ASHIP-specific analysis demonstrates that VC is not similar across ASHIP regions. This can be related to factors like varying time points in initial cost coverage through health insurance funds,8 state level particularities in vaccination recommendations,18 and historical background leading to generally higher VC in states of former East-Germany.17 Since regional variations are not reflected in country-level VC estimates, subnational VC data are crucial for assessing a country’s progress toward disease elimination. Health insurance claims data permit the analysis not only on ASHIP region or federal state level, respectively, but even on district level (data not shown), thus demonstrating an additional advantage over SEE.
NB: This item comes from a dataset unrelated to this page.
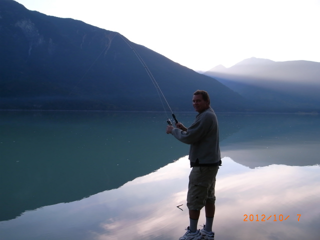 お気に入りの店で買った釣り竿をためしたりしつつ、散歩を続けます。

More than half of all children in the investigated years of birth and ASHIP regions fulfilled the inclusion criteria for VC estimation. Children born in the investigated years of birth and ASHIPs represented more than two-thirds of all live births in Germany during 2004 and 2009. These figures let assume high representativeness of VC estimates for the studied years of birth and regions as well as for the population in Germany born during this period. Moreover, validation with primary data looks promising. However, health insurance claims data provides only information on statutorily health insured individuals. It is not clear whether children of a different status differ in VC. Data on this remaining group that is mostly privately health insured is sparse. As recommended vaccinations are usually also covered by private health insurances, we assume to a large degree similar VC of children who are not contained in ASHIP data. In this regard, the authors of a bivariate and multivariate analysis in a population-based cross-sectional study found no difference in proportions of undervaccinated children from statutorily and privately health insured parents.19 Our sampling method for the analysis of ASHIP data excludes individuals with potential suboptimal VC such as children who receive their first vaccination very late or children of parents who completely refuse vaccinations. In addition, mobile groups like Roma/Sinti populations that are difficult to be reached by standard immunization programs20 are also possibly underrepresented in our approach resulting in a potentially positive sampling bias and a slight VC overestimation.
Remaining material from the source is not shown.